# Task to complete
Your task is to reproduce exactly the lines from the one containing "Zeiteinschub BN 191514." through the last line below, both ends included, and nothing else, with no pictures.
Segment Open
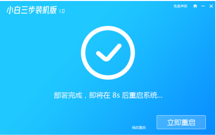 4.安裝完成后,點擊立即重啟。(這里的軟件會自動幫助我們重裝系統)
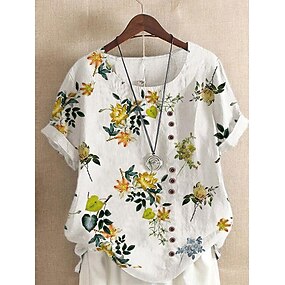 Per donna Camicia Blusa Finto cotone e lino Stampato Floreale Casual Manica Corta Girocollo Top Regolari Quotidiano Vacanza Blu Giallo Verde chiaro Blu Reale Viola Estate
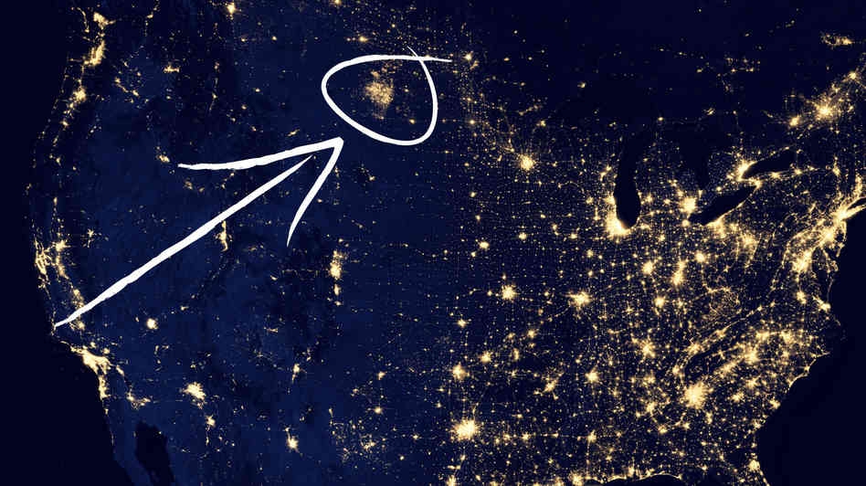 Ohromná světelnost je v severní Dakotě na místě, kde neexistují žádná velká města nebo osídlení. Ve skutečnosti jde o stovky frakovacích vrtů, z nichž z bezpečnostních důvodů uniká zemní plyn a je spalovaný ve věži. Nikdo nebyl schopný odpovědět na jednoduchou otázku: Kolik emisí vysílají tyto vrty do atmosféry? Běžný pohled na noční Ameriku ukazuje, že jde o rozsáhlé oblasti.
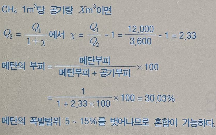 3. 발열량이 12,000kcal/Nm3인 메탄(CHA)을 주성분으로 하는 가스에 공기를 희석하여 3,600kcal/Nm3로 변경하려고 할 때 공기희석의 가능여부를 판별하시오.
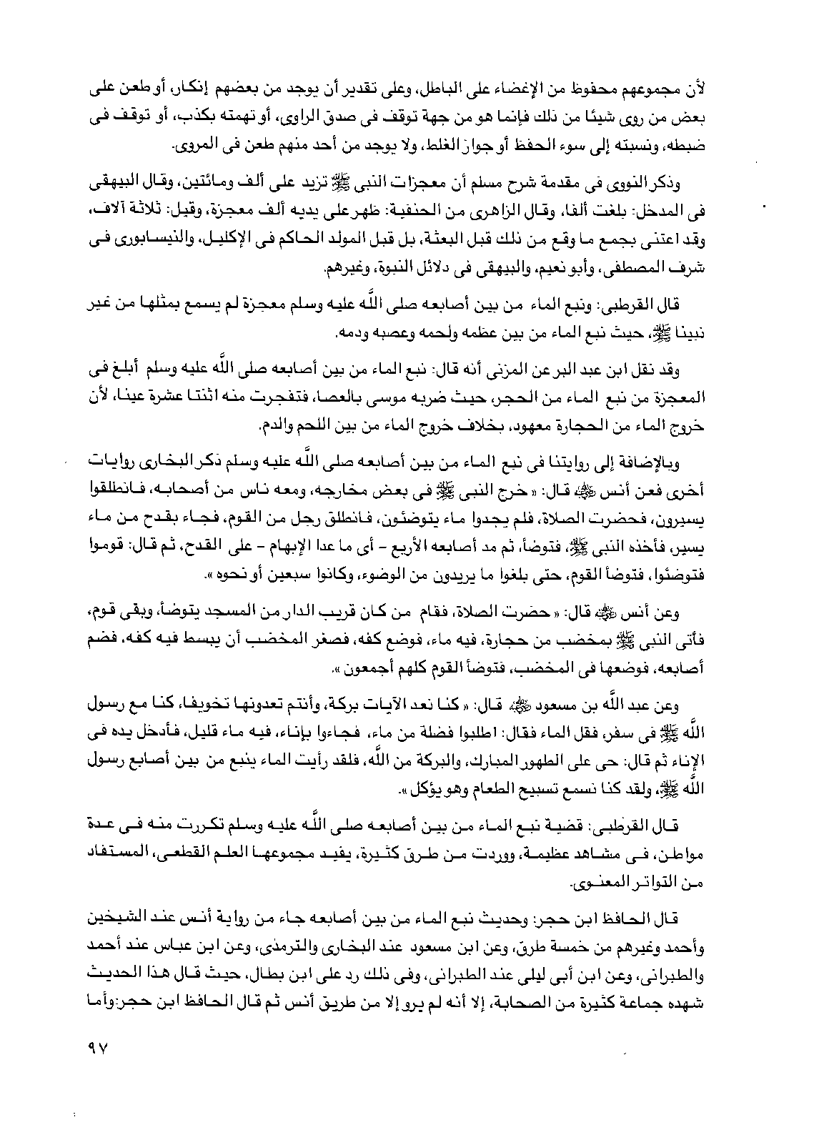 قال القرطبي: قضية نبع الماء من بين أصابعه صلى الله عليه وسلم تكررت منه في عدة مواطن، في مشاهد عظيمة، ووردت من طرق كثيرة يفيد مجموعها العلم القطعي، المستفاد من التواتر المعنوي.
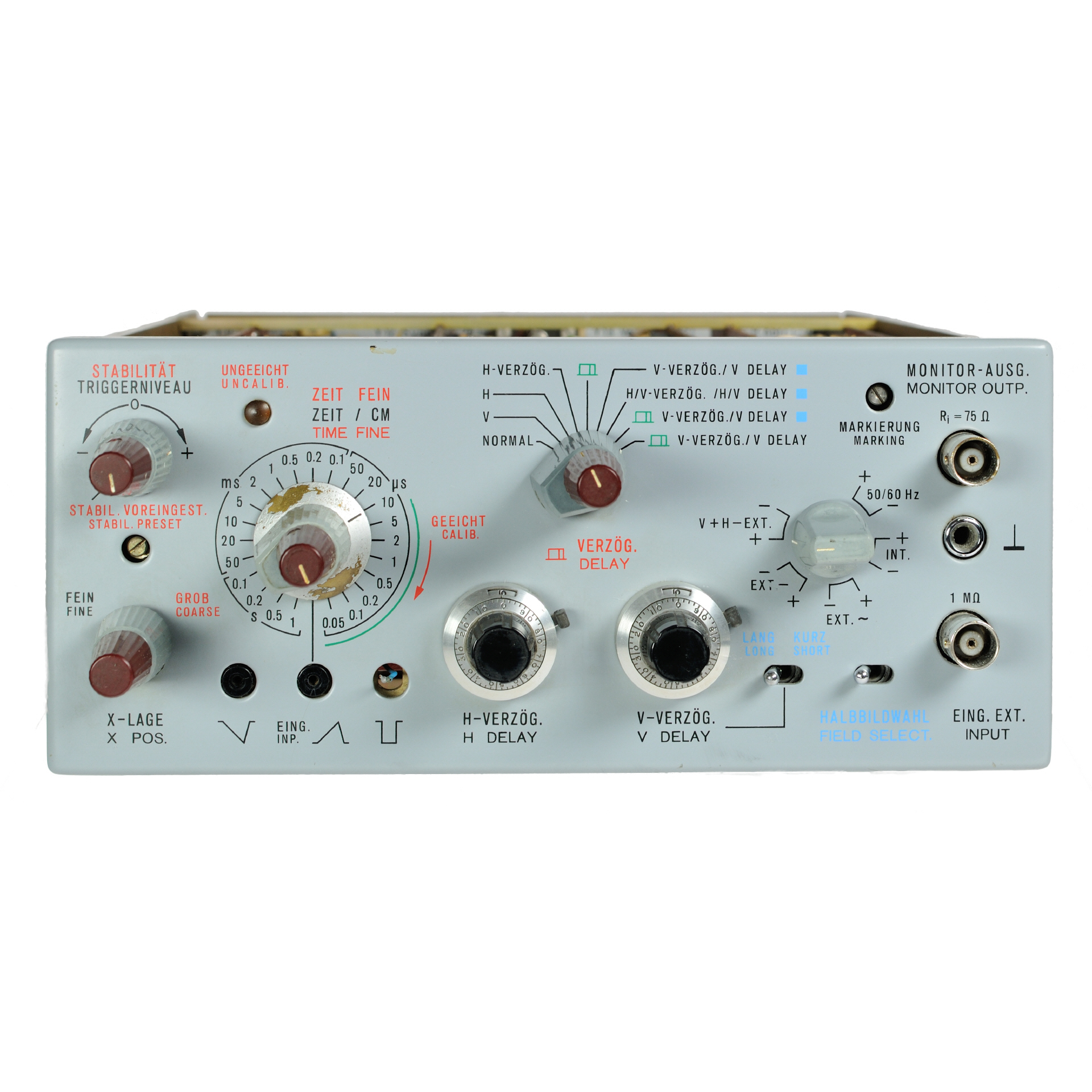 Zeiteinschub BN 191514. Erweiterung der vorgenannten Eigenschaften durch Kippverzögerung, gesteuert über V- und H-Impulse, mit deren Hilfe auch beliebige Ausschnitte mit maximaler Zeitauflösung innerhalb einer Zeile eines Fernsehbildes dargestellt werden können. Zur Auswertung von Prüfzeilen ist für die Kippverzögerung, ausgelöst durch V-Impulse, ein spezieller Verzögerungsbereich vorgesehen. Überschreibungen durch Doppelauslösung innerhalb einer oder zweier Zeilen ermöglichen ein optimales Messen von Impuls-Sprung-Signalen. Zusätzlich ist auch eine Überschreibung der Prüfzeilen eines Halbbildes mit den korrespondierenden Prüfzeilen des anderen Halbbildes mit getrennt einstellbaren Verzögerungszeiten vorgesehen. Automatische Voreinstellung von Trigger-Niveau und Stabilität erleichtern die Bedienung.
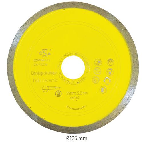 | Intitulé du produit | Disque à tronçonner carrelage, Alésage Ø: 22.23 mm, Ø: 125 mm, Pour matériau: Carrelage, Usage: Coupe |
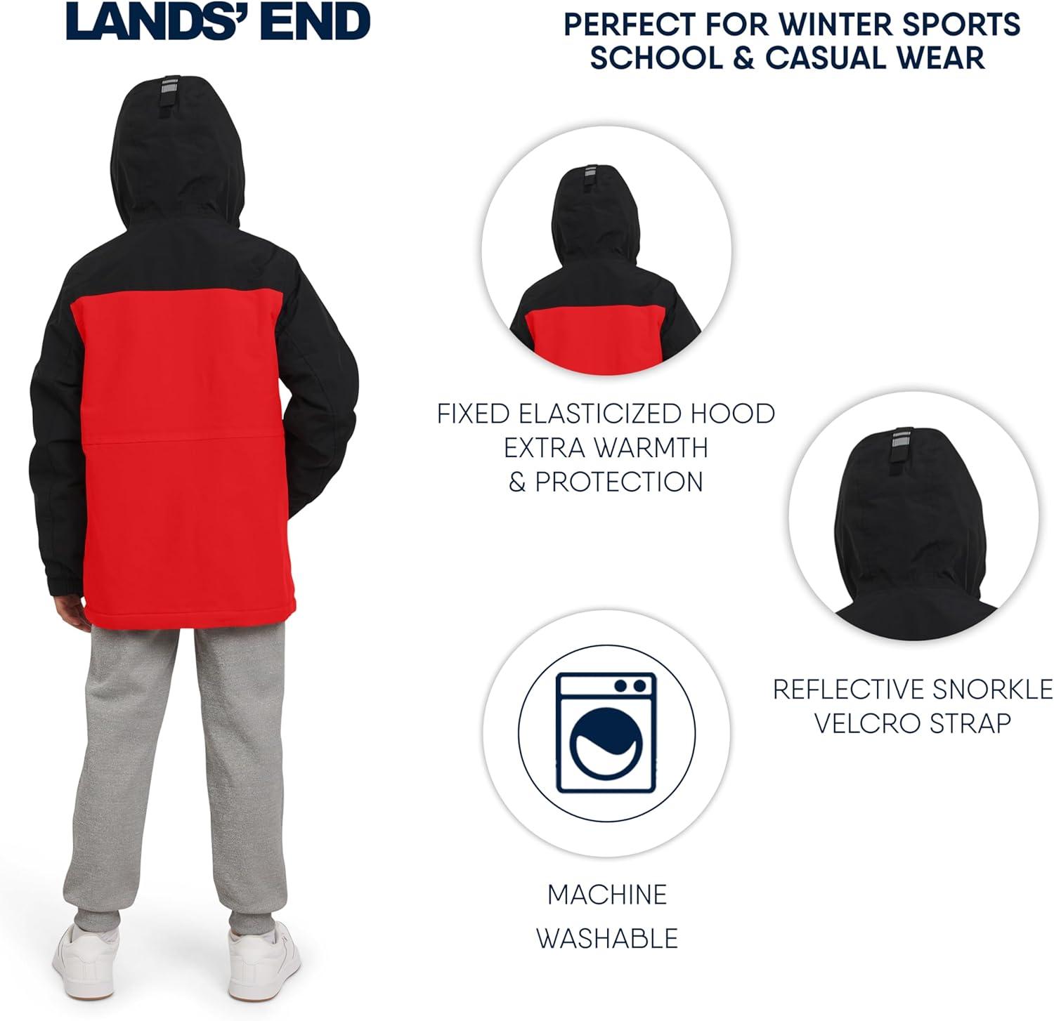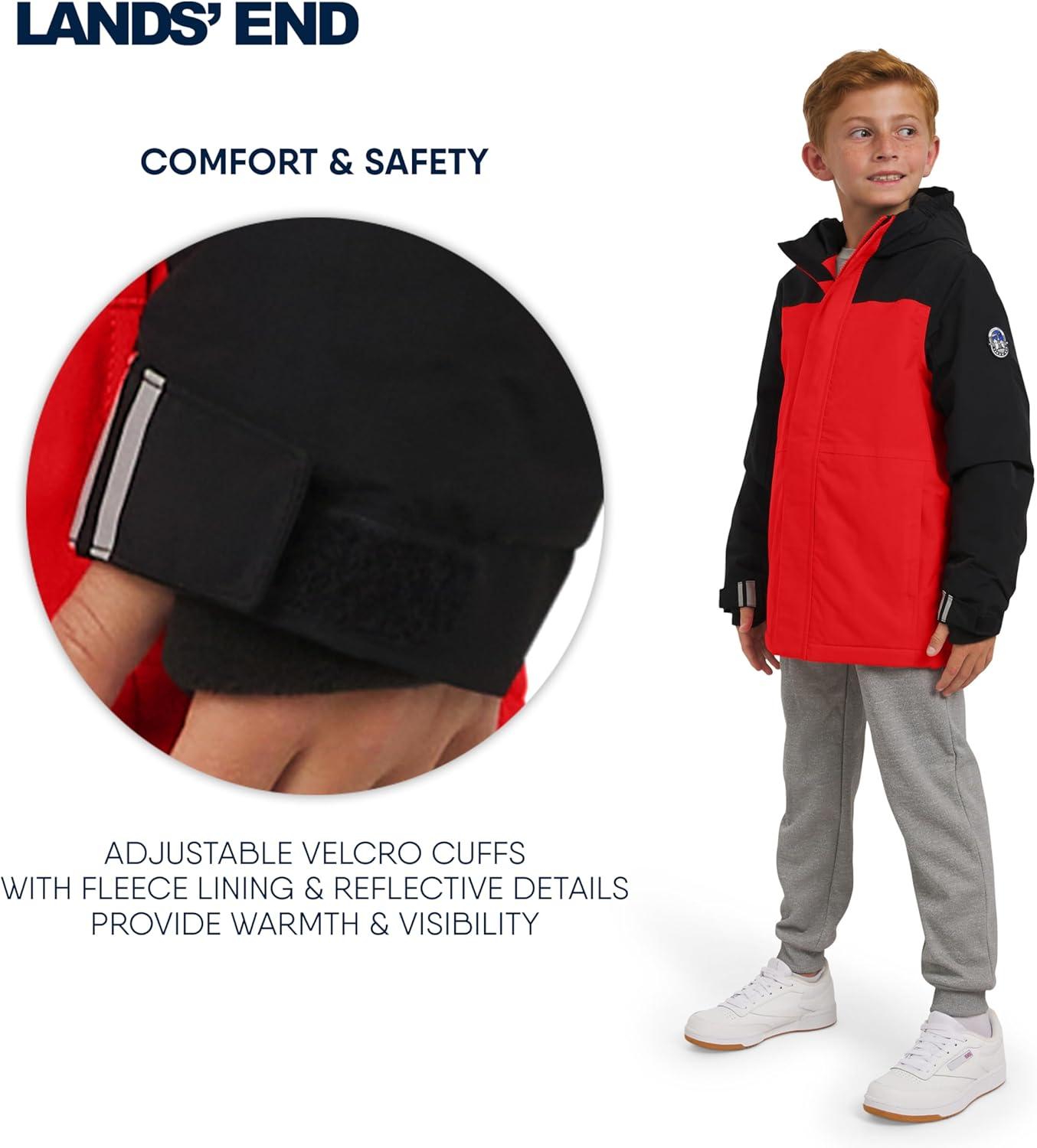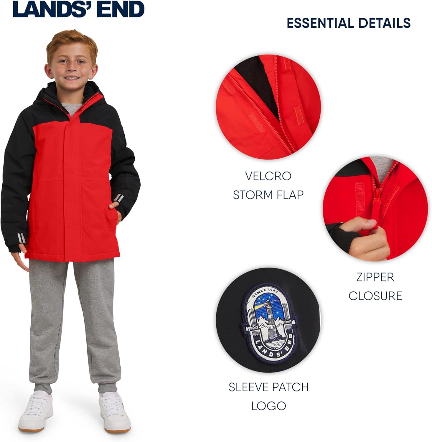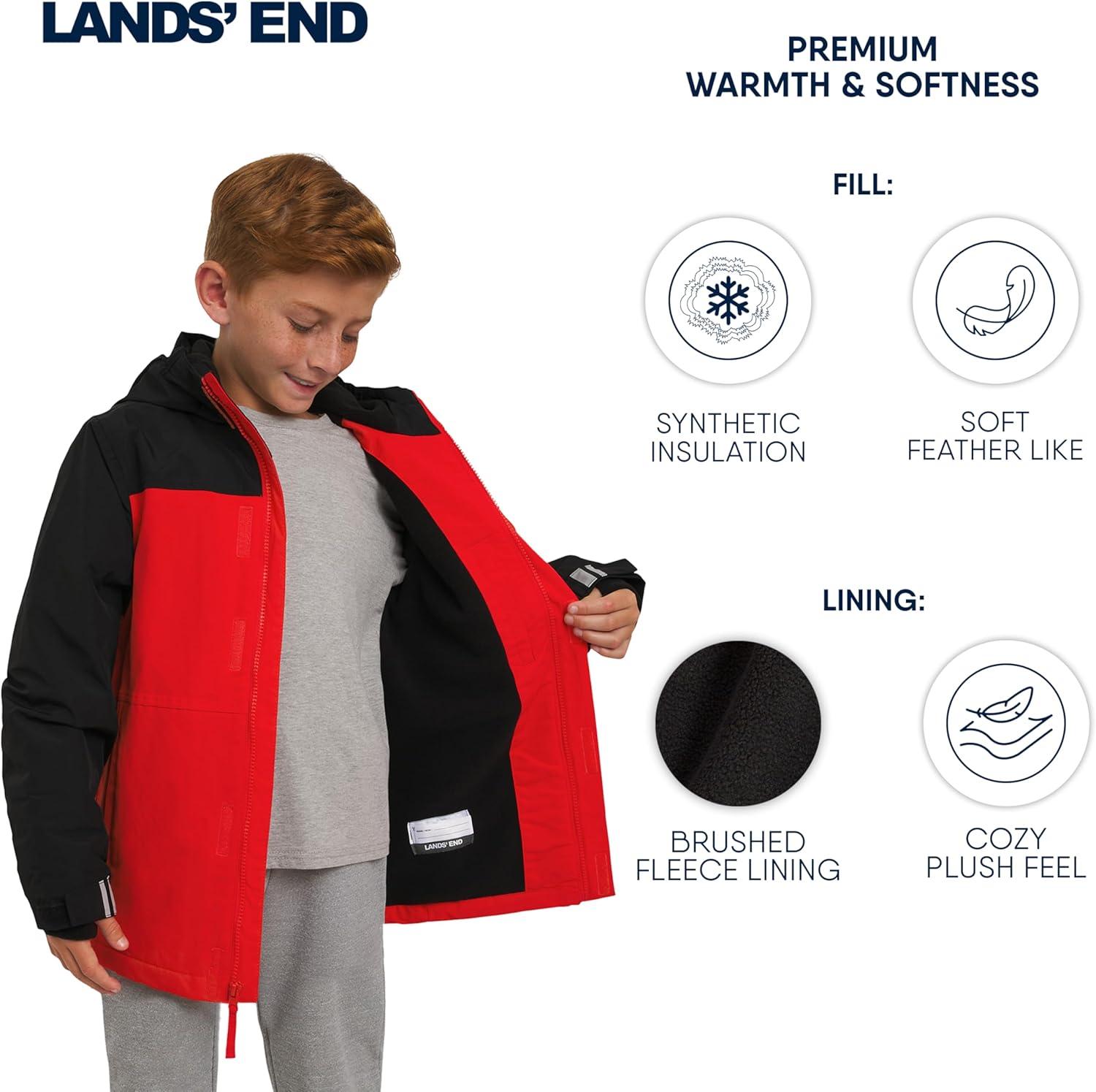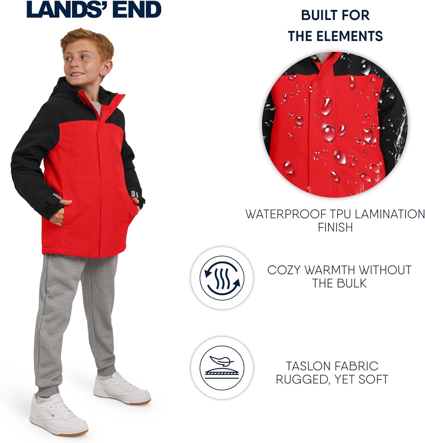 Lands’ End Boys’ Squall Waterproof Fleece Lined Insulated Jacket(Fiery Red)
Segment Closed
# Exercise result
 Zeiteinschub BN 191514. Erweiterung der vorgenannten Eigenschaften durch Kippverzögerung, gesteuert über V- und H-Impulse, mit deren Hilfe auch beliebige Ausschnitte mit maximaler Zeitauflösung innerhalb einer Zeile eines Fernsehbildes dargestellt werden können. Zur Auswertung von Prüfzeilen ist für die Kippverzögerung, ausgelöst durch V-Impulse, ein spezieller Verzögerungsbereich vorgesehen. Überschreibungen durch Doppelauslösung innerhalb einer oder zweier Zeilen ermöglichen ein optimales Messen von Impuls-Sprung-Signalen. Zusätzlich ist auch eine Überschreibung der Prüfzeilen eines Halbbildes mit den korrespondierenden Prüfzeilen des anderen Halbbildes mit getrennt einstellbaren Verzögerungszeiten vorgesehen. Automatische Voreinstellung von Trigger-Niveau und Stabilität erleichtern die Bedienung.
 | Intitulé du produit | Disque à tronçonner carrelage, Alésage Ø: 22.23 mm, Ø: 125 mm, Pour matériau: Carrelage, Usage: Coupe |
 Lands’ End Boys’ Squall Waterproof Fleece Lined Insulated Jacket(Fiery Red)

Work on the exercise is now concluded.